→ Instructions for the task
Once you find the line below that contains "VSB型振动弧形筛用途: 振", write it out along with every later line exactly as given, stopping only when the records end. Omit the pictures.

(Data extracted from a collection)
****************

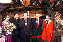 江澤民主席與錢其琛、于永波以及香港歌唱家莫華倫同臺高歌。中新社傳真 滿會喬 攝
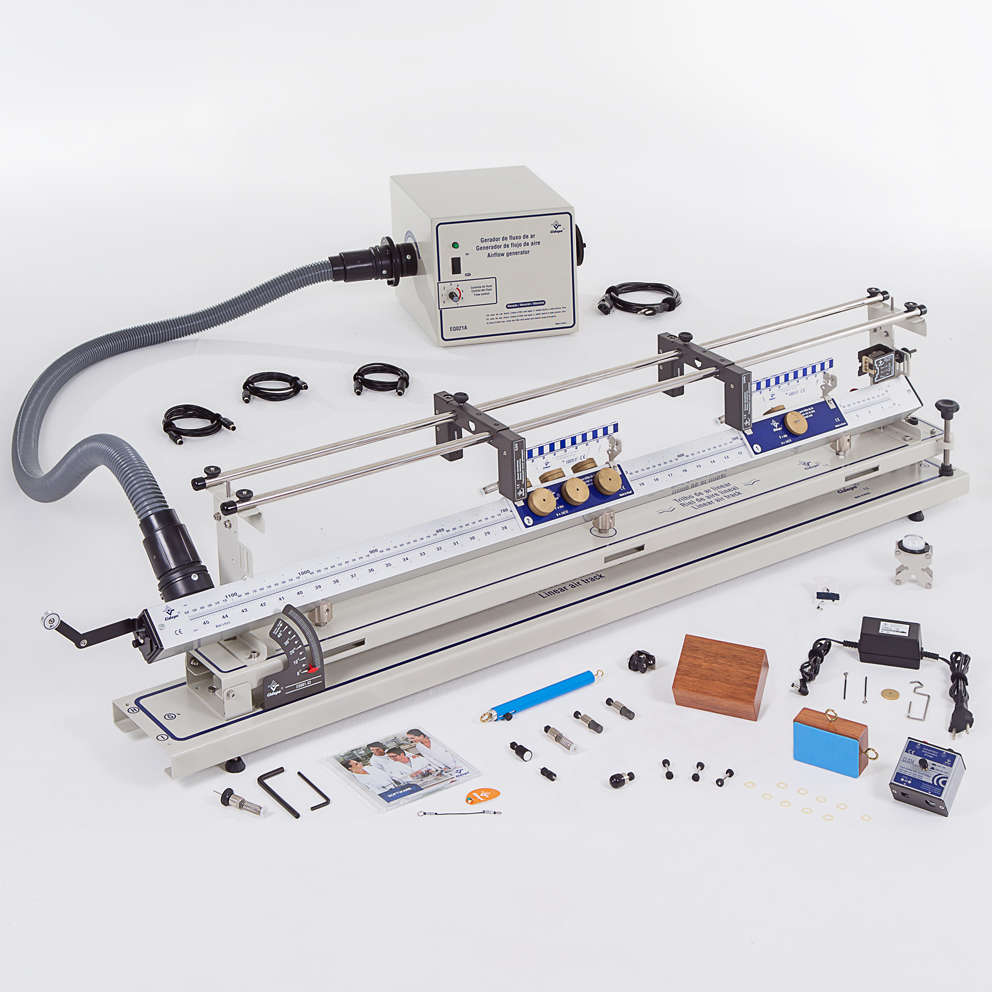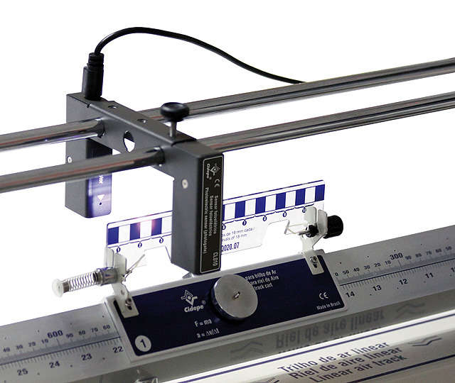 Destinado ao estudo experimental, laboratório de física e realização de experimentos de física sobre: movimento em uma dimensão, trajetória, deslocamento, velocidade, aceleração, equilíbrio do ponto material, forças de atrito, primeira lei do movimento de Newton, MRU, MRUV, quantidade de movimento linear, conservação da quantidade de movimento, coeficiente de restituição, colisão inelástica, colisão elástica, segunda lei do movimento de Newton, impulso, etc. Necessita ser conectado a uma interface.
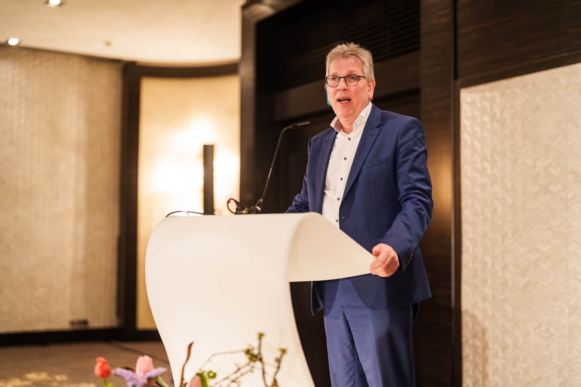 Michael Radau, Präsident des Handelsverbandes Nordrhein-Westfalen, zur Mobilitätswende anlässlich des Jahresempfangs der Handelsverbände in Düsseldorf am 15. März 2023.
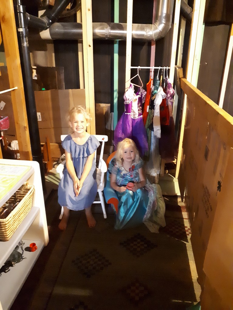 The picture above is of the living room, behind you can kind of see that there is a little bedroom with a very small bed. You can see their dresses hanging up, too. I had two little curtain rods from the window beside my front door that I was getting rid of right after we made this house, so I took them and put them inside the framing of the basement and hung up the girls’ princess dresses on them. They were so excited about this little feature. It was adorable.
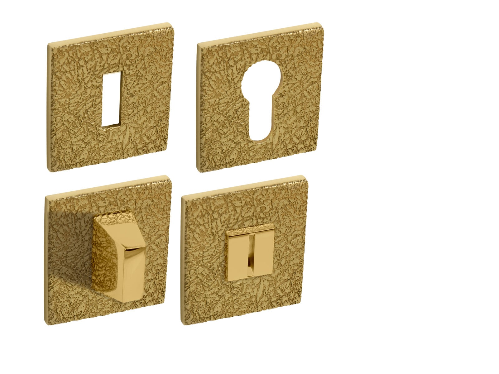 Hranatá rozeta je vyrobená z materiálov vysokej kvality – mosadz a je povrchovo upravená. Rozeta má rozmery 52 mm x 52 mm, hrúbku len 5 mm a hranatý otvor pre interiérový klúč (BBQ), otvor pre cylindrickú vložku (PZ) alebo WC set s vmontovaným kľúčom.
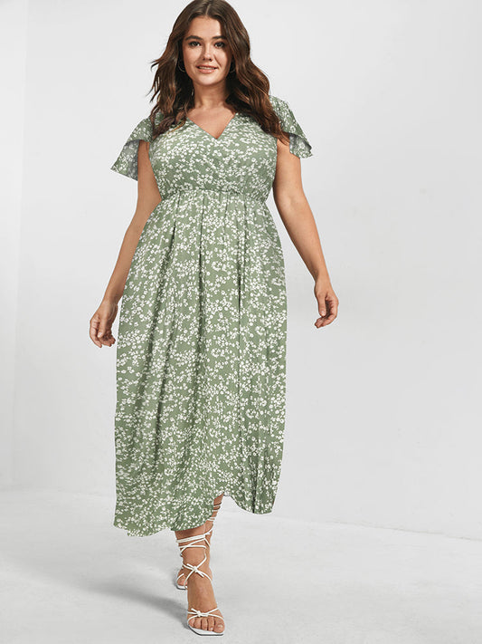 Floral V Neck Flutter Sleeve Split Maxi Dress
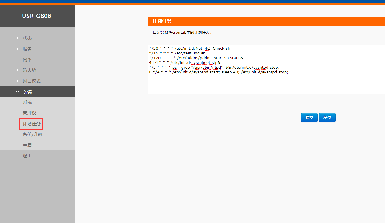 登录路由器的内置网页,在系统-->计划任务界面可以看到路由器出厂默认的几条计划任务。
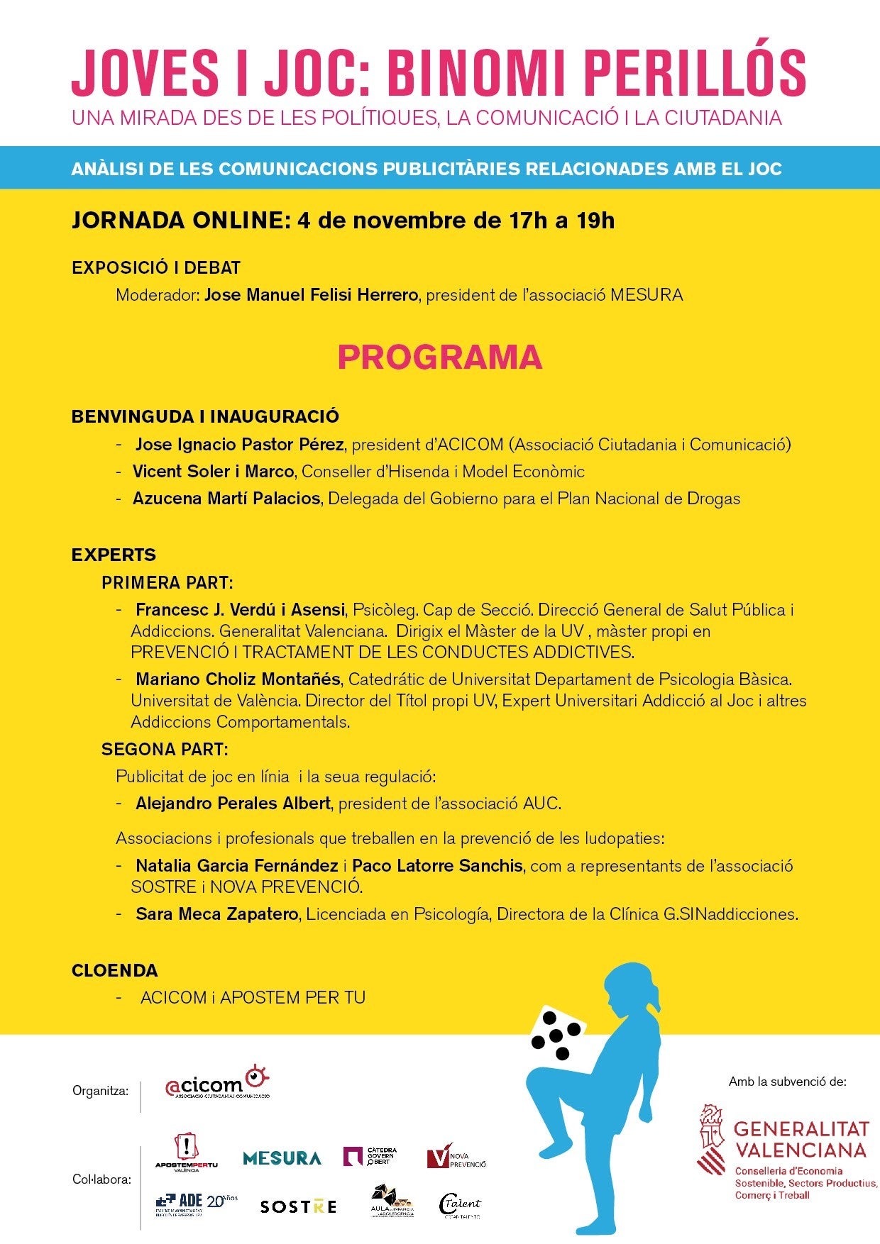 L’Associació Ciutadania i Comunicació (ACICOM), una entitat dedicada a crear iniciatives de promoció del pensament crític, celebra aquesta vesprada la jornada en línia «JOVES I JOC: BINOMI PERILLÓS. Una mirada des de les polítiques, la comunicació i la ciutadania». L’esdeveniment tindrà lloc a les 17h de forma gratuïta per a tothom qui s’hi inscriga prèviament. A l’acte, experts tractaran diferents aspectes relacionats amb la comunicació comercial del joc, una qüestió amb moltes implicacions socials en l’actualitat, ja que l’augment dels problemes relacionats amb les ludopaties en els darrers cinc anys han augmentat la seua incidència en un 60% entre la població i cada vegada afecten més a les persones joves.
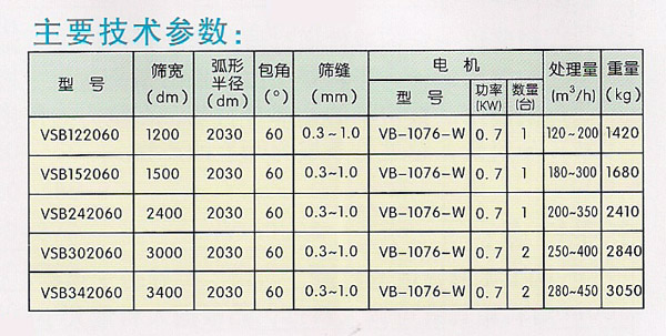 VSB型振动弧形筛用途: 振动弧形筛主要用于细粒级煤泥的脱介、脱水,振动弧形筛与煤泥离开心机配套使用,可用于粗煤泥的回收。
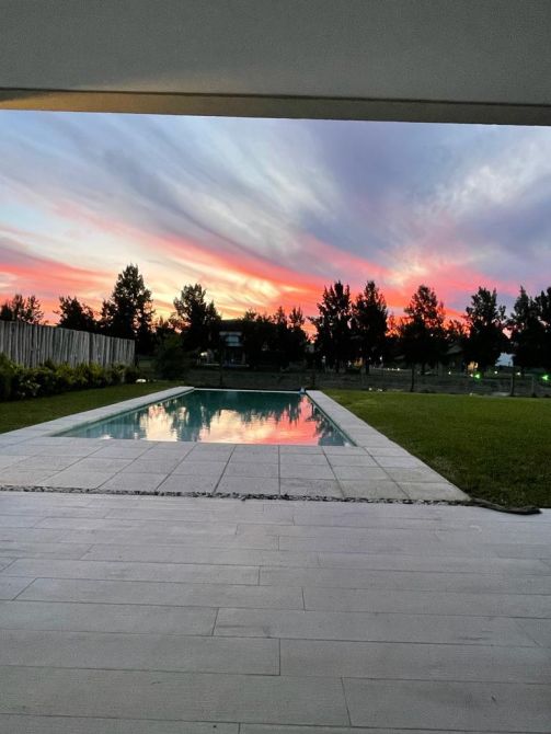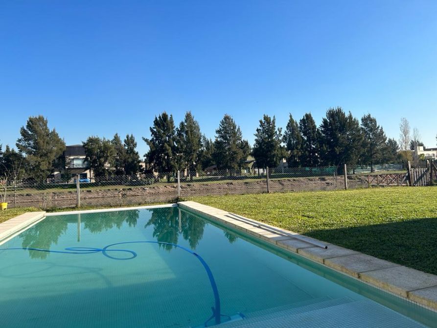 Amplia Galería semi-cubierta con Parrilla y piscina con borde infinito de 4*10 recubierta en venecitas
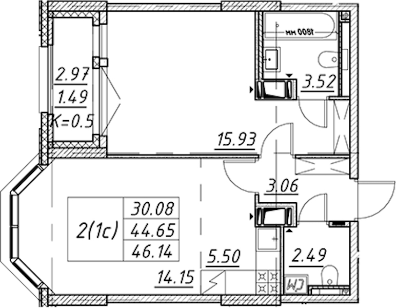 Однокомнатная квартира на 9-ом этаже 46,14 кв.м
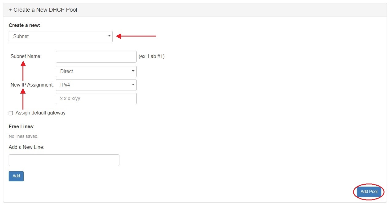 Create a New DHCP Pool - Subnets
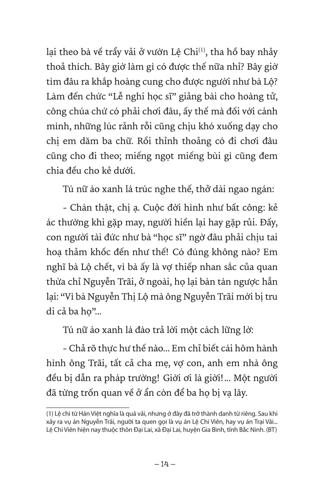 “Nhà vua hít một hơi thật dài. Gió từ mạn sông Thiên Đức thổi về mang theo mùi thơm mát lịm của những quả lệ chi vừa nở cùi chín rộ. Nhà vua sửa lại khăn áo và ngửa mặt nhìn lên bầu trời cao lồng lộng. Xa xa, về phương Nam, lấm tấm giữa những vì sao đêm, ngôi sao Khuê đang lấp lánh…”
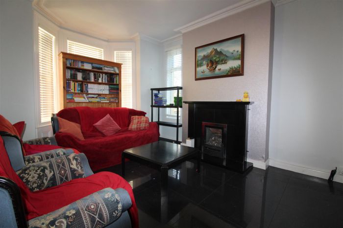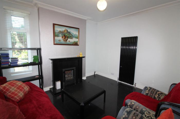 Double glazed bay window to front aspect, double glazed window to side aspect, fireplace with feature surround, radiator, tiled floor
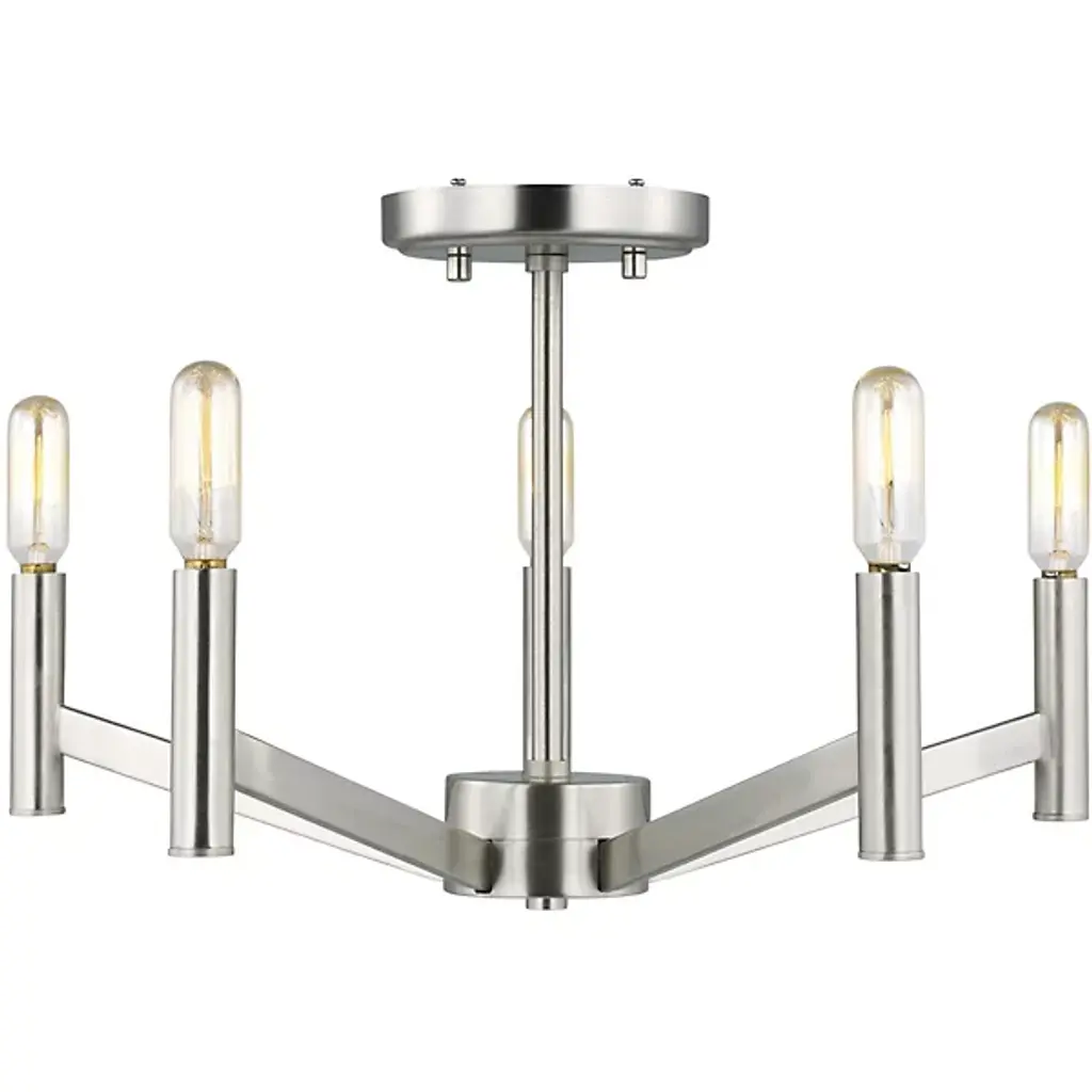 Bring a clean, unfiltered glow to the spaces of your modern home with the Vector Semi-Flushmount from Visual Comfort Studio, formerly known as Sea Gull Lighting, The silhouette is formed from smooth metal throughout, creating an appealing presence for a range of décor preferences. A simple ceiling mount lowers a downrod to a disc-shaped center. A set of four arms extend from the center, leading to candelabra-style bulbs. Each bulb brings a bright and flowing layer of light into the space.
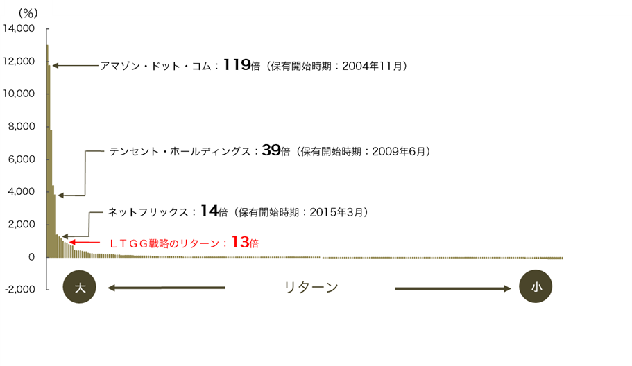 同社は独自のリサーチ手法を駆使し、向こう10年にわたって継続可能な成長力があると予測する企業に投資を行うことで、高いリターンの獲得をめざしています。LTGG戦略における投資銘柄を見ると、一部の銘柄の大幅な上昇が戦略全体の良好なパフォーマンスに大きく寄与していたことがわかります。
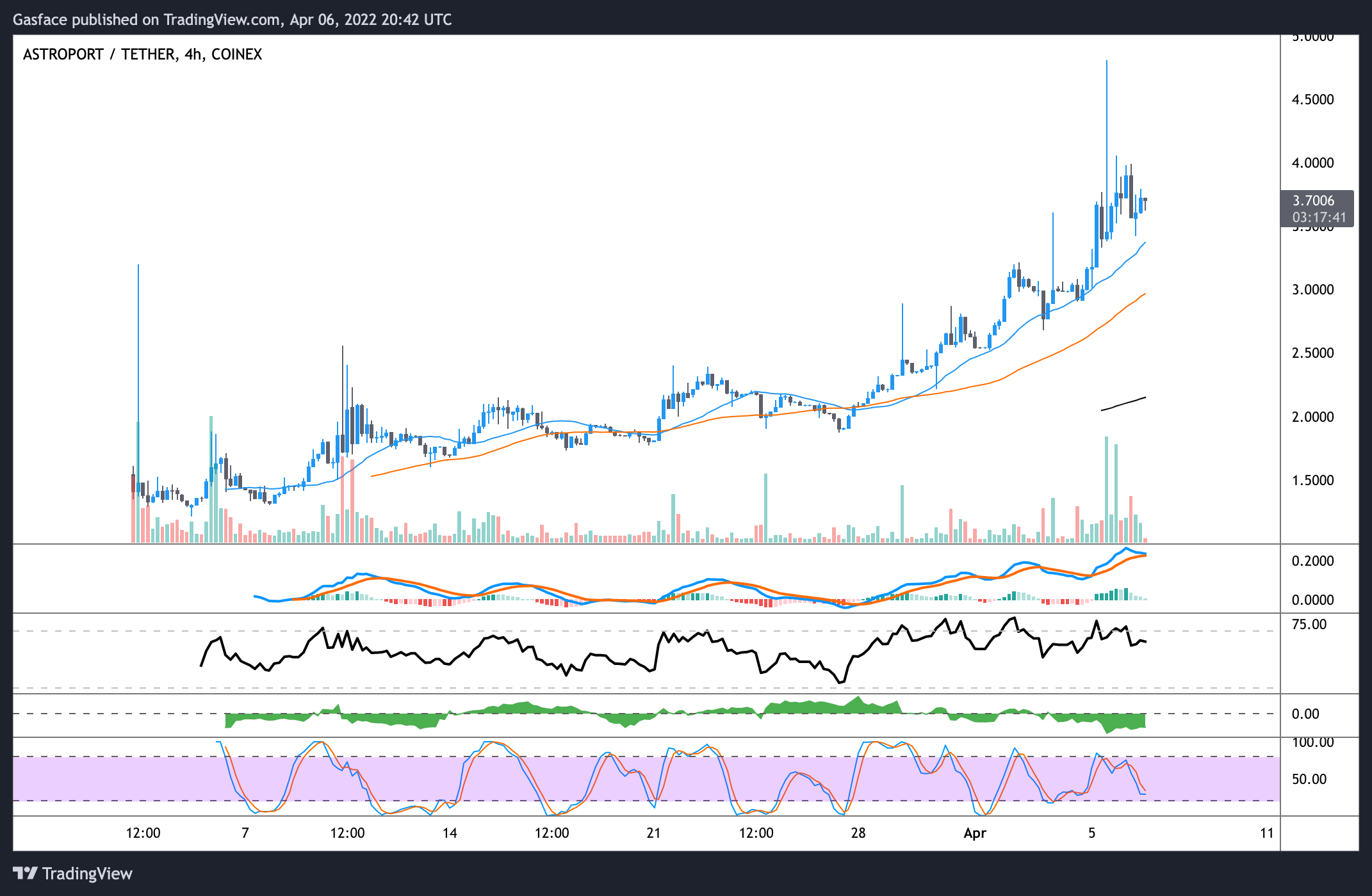 Data from CoinGecko shows that since hitting a low of $1.28 on March 7, the price of ASTRO has exploded 194% to hit a new all-time high of $4.80 on April 5.

****************

→ Exercise response
 VSB型振动弧形筛用途: 振动弧形筛主要用于细粒级煤泥的脱介、脱水,振动弧形筛与煤泥离开心机配套使用,可用于粗煤泥的回收。
 Amplia Galería semi-cubierta con Parrilla y piscina con borde infinito de 4*10 recubierta en venecitas
 Однокомнатная квартира на 9-ом этаже 46,14 кв.м
 Create a New DHCP Pool - Subnets
 “Nhà vua hít một hơi thật dài. Gió từ mạn sông Thiên Đức thổi về mang theo mùi thơm mát lịm của những quả lệ chi vừa nở cùi chín rộ. Nhà vua sửa lại khăn áo và ngửa mặt nhìn lên bầu trời cao lồng lộng. Xa xa, về phương Nam, lấm tấm giữa những vì sao đêm, ngôi sao Khuê đang lấp lánh…”
 Double glazed bay window to front aspect, double glazed window to side aspect, fireplace with feature surround, radiator, tiled floor
 Bring a clean, unfiltered glow to the spaces of your modern home with the Vector Semi-Flushmount from Visual Comfort Studio, formerly known as Sea Gull Lighting, The silhouette is formed from smooth metal throughout, creating an appealing presence for a range of décor preferences. A simple ceiling mount lowers a downrod to a disc-shaped center. A set of four arms extend from the center, leading to candelabra-style bulbs. Each bulb brings a bright and flowing layer of light into the space.
 同社は独自のリサーチ手法を駆使し、向こう10年にわたって継続可能な成長力があると予測する企業に投資を行うことで、高いリターンの獲得をめざしています。LTGG戦略における投資銘柄を見ると、一部の銘柄の大幅な上昇が戦略全体の良好なパフォーマンスに大きく寄与していたことがわかります。
 Data from CoinGecko shows that since hitting a low of $1.28 on March 7, the price of ASTRO has exploded 194% to hit a new all-time high of $4.80 on April 5.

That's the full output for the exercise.